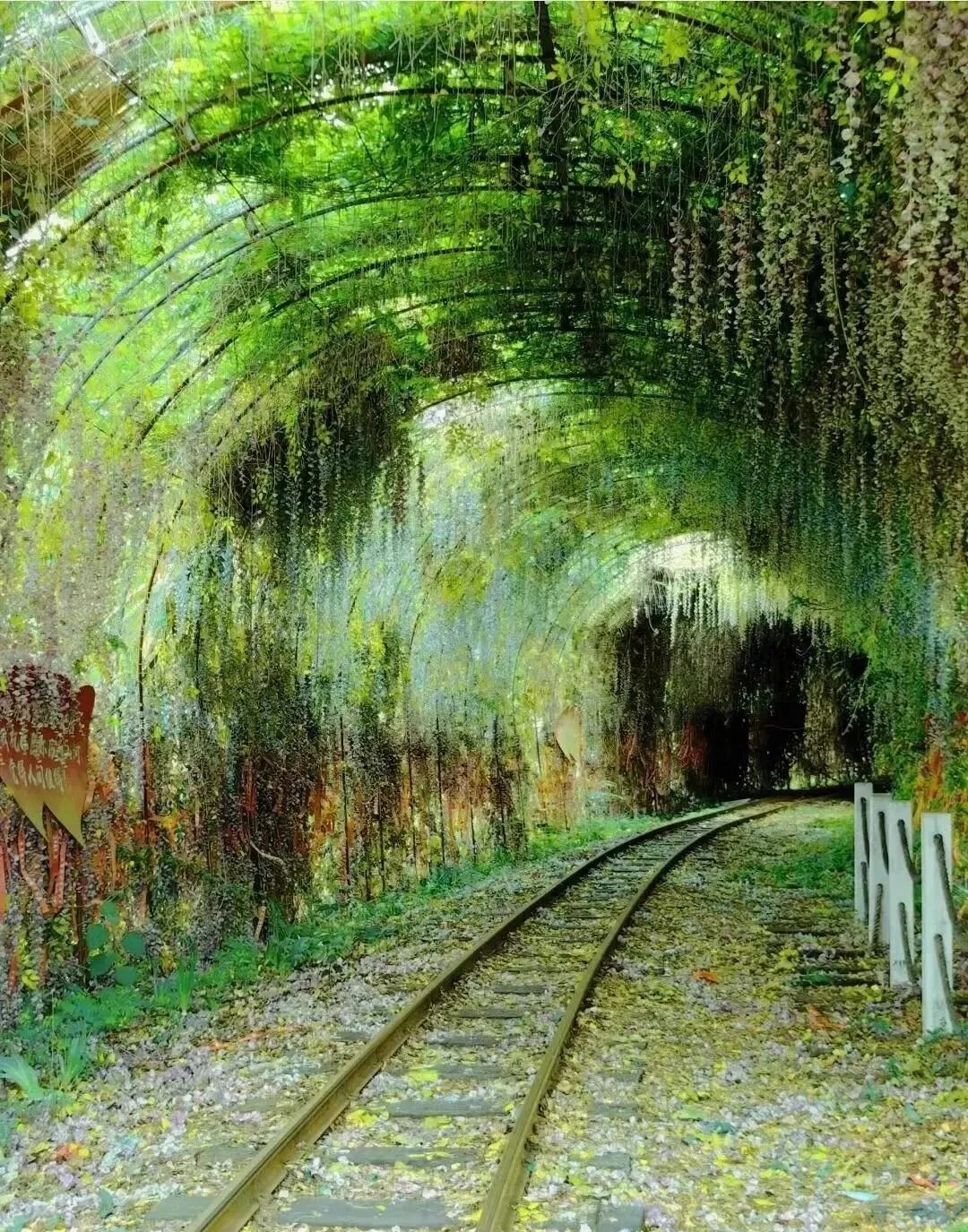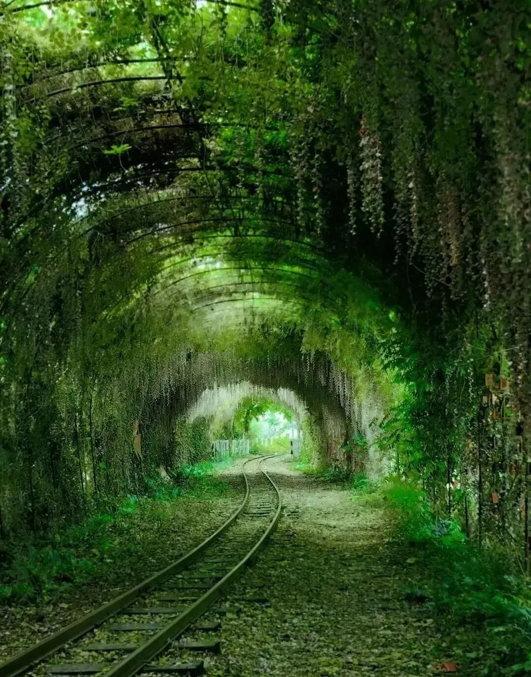 爬满绿植的隧道,深邃蜿蜒,仿佛绿色的时空隧道~
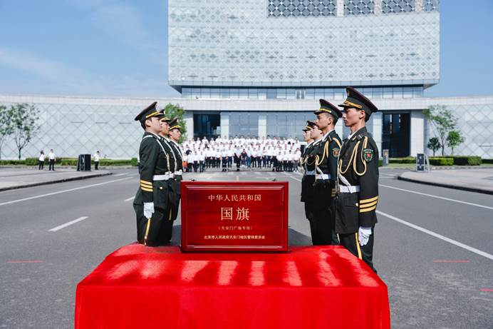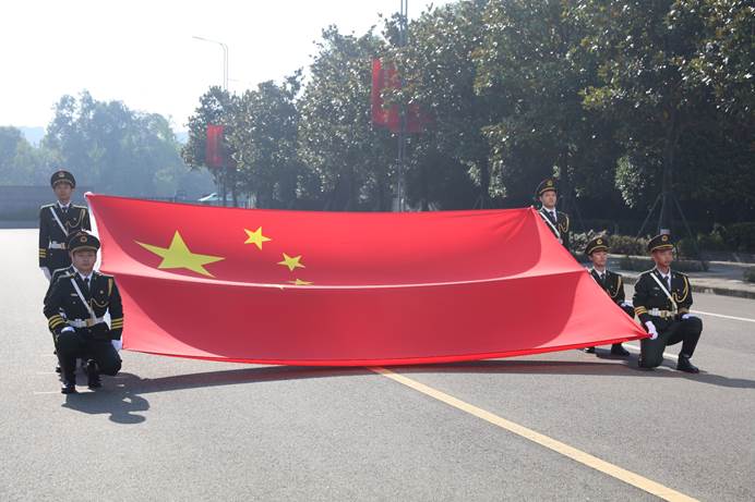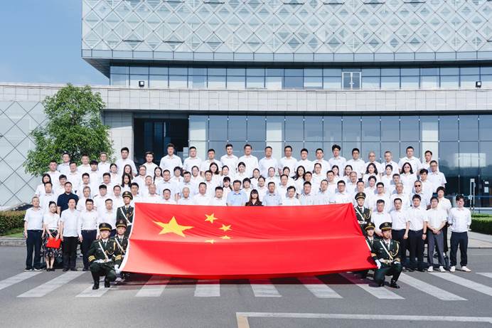 全体人员怀着崇敬的心情与这面意义非凡的国旗合影留念,以此致敬在生命的最后一段时光依然拖着病重的身躯到天安门广场看一看五星红旗的邓稼先老院长。
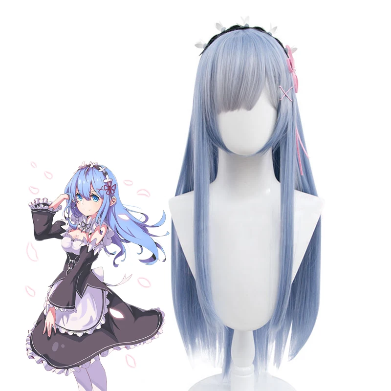 Синтетический розовый парик с длинной прямой челкой, парики для косплея Re zero для женщин, праздвечерние чный парик Rem Ram с голубым Омбре, удлинители волос
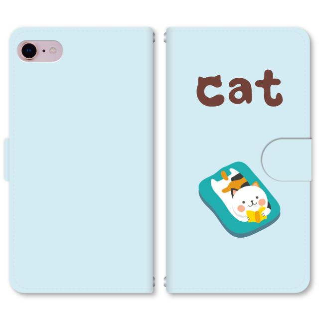 スマホケース 手帳型 iPhone13 iPhoneSE2 アイフォン 8 aquos sense GooglePixel xperia galaxyなど多機種制作対応 m3466_読書ねこ
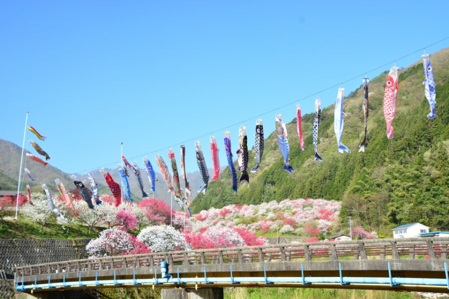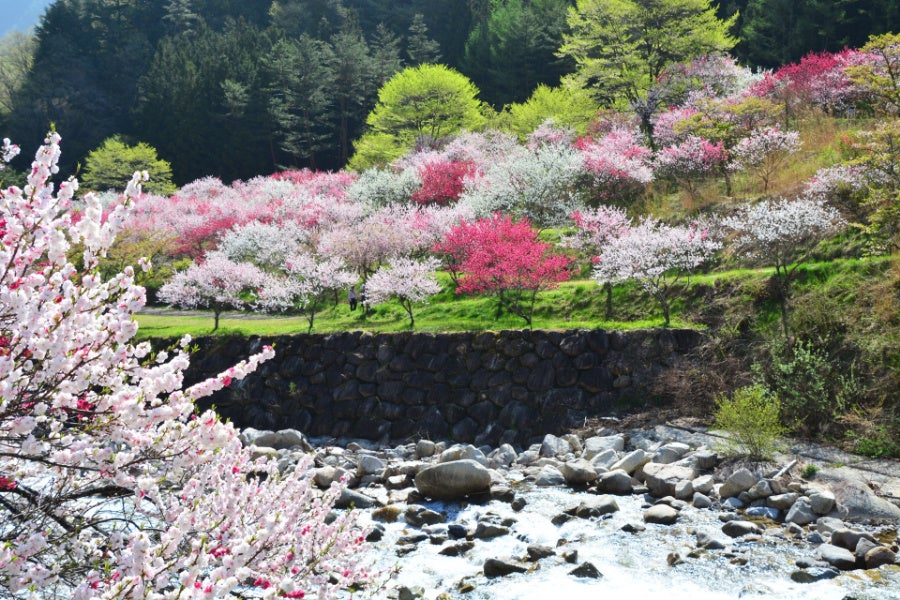 また阿智村は、知る人ぞ知る「花桃」の名所。桜のあとに色鮮やかに咲き誇る約10,000本の花桃が里を彩ります。その中でも、中央自動車道・園原ICからすぐ、mokki周辺の「月川温泉郷/花桃の里」では、約5,000本の花桃が密集して咲き誇り、圧巻の美しさとなります。
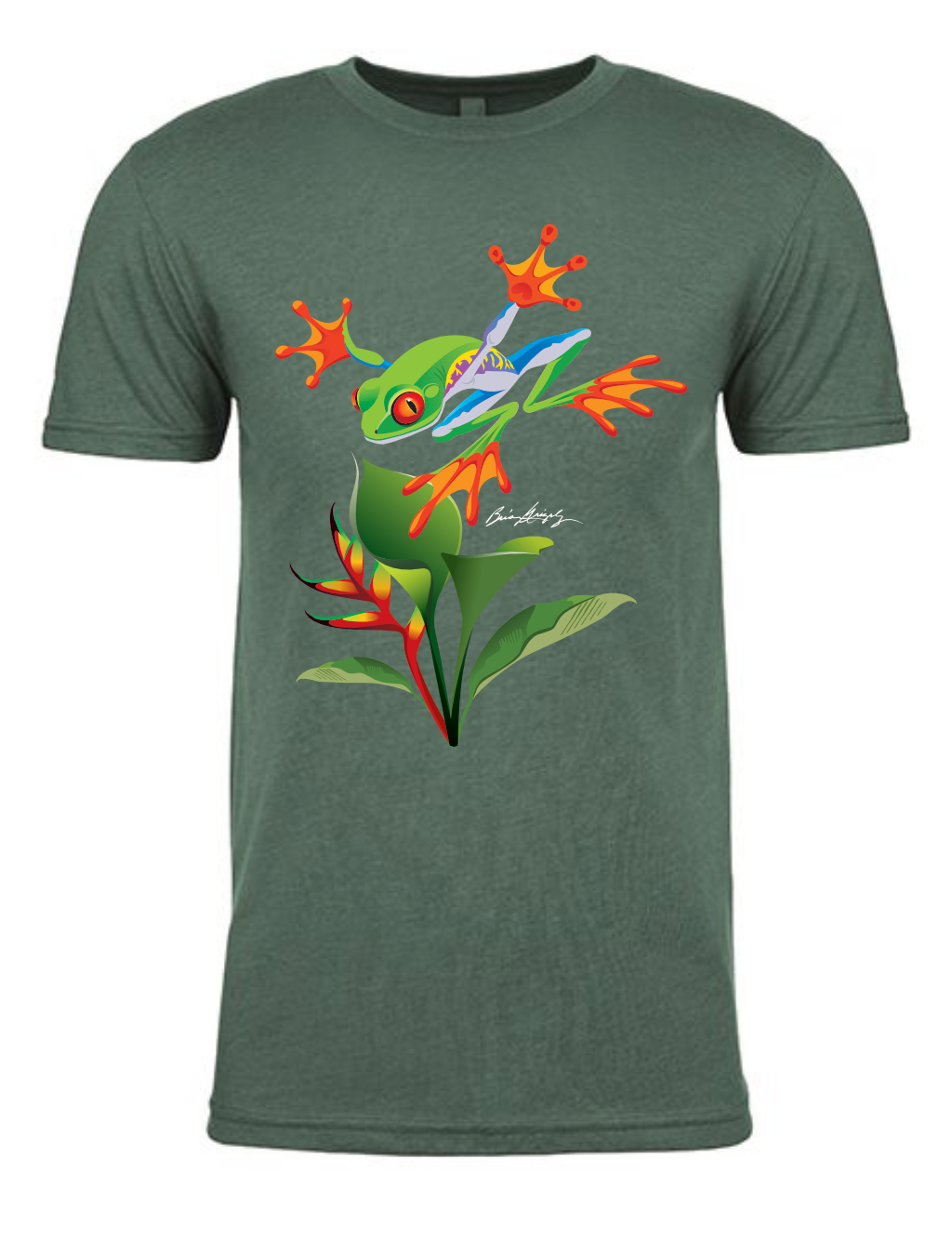 Brighten up your wardrobe with the vibrant colors of the rainforest! This tee features the stunning Red-Eyed Tree Frog, a colorful ambassador of the rainforest, in a beautifully artistic design.
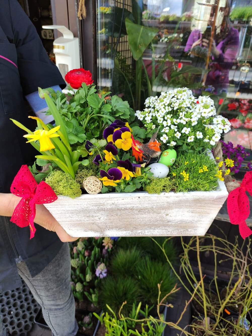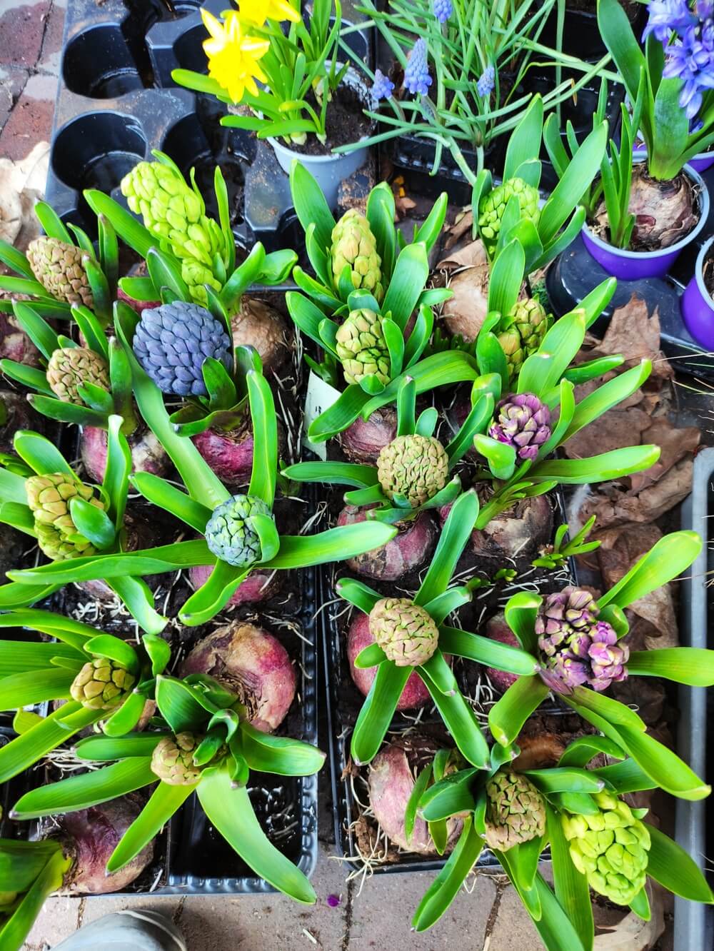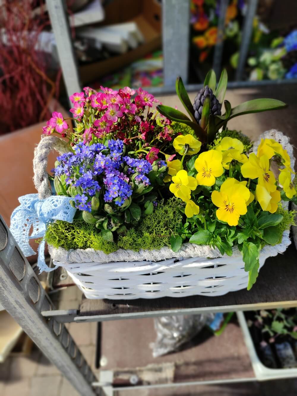 Rośliny wysyłamy zgodnie z aktualnymi warunkami atmosferycznymi – we wczesnej wiośnie w zestawach znajduje się większy udział prymuli i bratków, szafirków, hiacyntów które najlepiej znoszą chłodne temperatury.
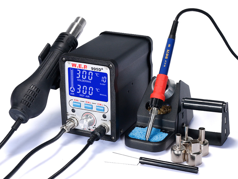 La estación soldadora de retrabajo SMD WEP-995D+ adopta una bomba de aire con un flujo de aire de 120L/min y generalmente va acompañado de diámetro de boquilla de gran diámetro para desoldar puntos de soldadura relativamente grandes o los componentes IC grandes.

◆ ◆ ◆ ◆

About this task
Nothing but the lines from the start of the records through the line holding "また阿智村は、知る人ぞ知る「" should be printed, exactly as written and with the pictures left out.

Response below
 爬满绿植的隧道,深邃蜿蜒,仿佛绿色的时空隧道~
 全体人员怀着崇敬的心情与这面意义非凡的国旗合影留念,以此致敬在生命的最后一段时光依然拖着病重的身躯到天安门广场看一看五星红旗的邓稼先老院长。
 Синтетический розовый парик с длинной прямой челкой, парики для косплея Re zero для женщин, праздвечерние чный парик Rem Ram с голубым Омбре, удлинители волос
 スマホケース 手帳型 iPhone13 iPhoneSE2 アイフォン 8 aquos sense GooglePixel xperia galaxyなど多機種制作対応 m3466_読書ねこ
 また阿智村は、知る人ぞ知る「花桃」の名所。桜のあとに色鮮やかに咲き誇る約10,000本の花桃が里を彩ります。その中でも、中央自動車道・園原ICからすぐ、mokki周辺の「月川温泉郷/花桃の里」では、約5,000本の花桃が密集して咲き誇り、圧巻の美しさとなります。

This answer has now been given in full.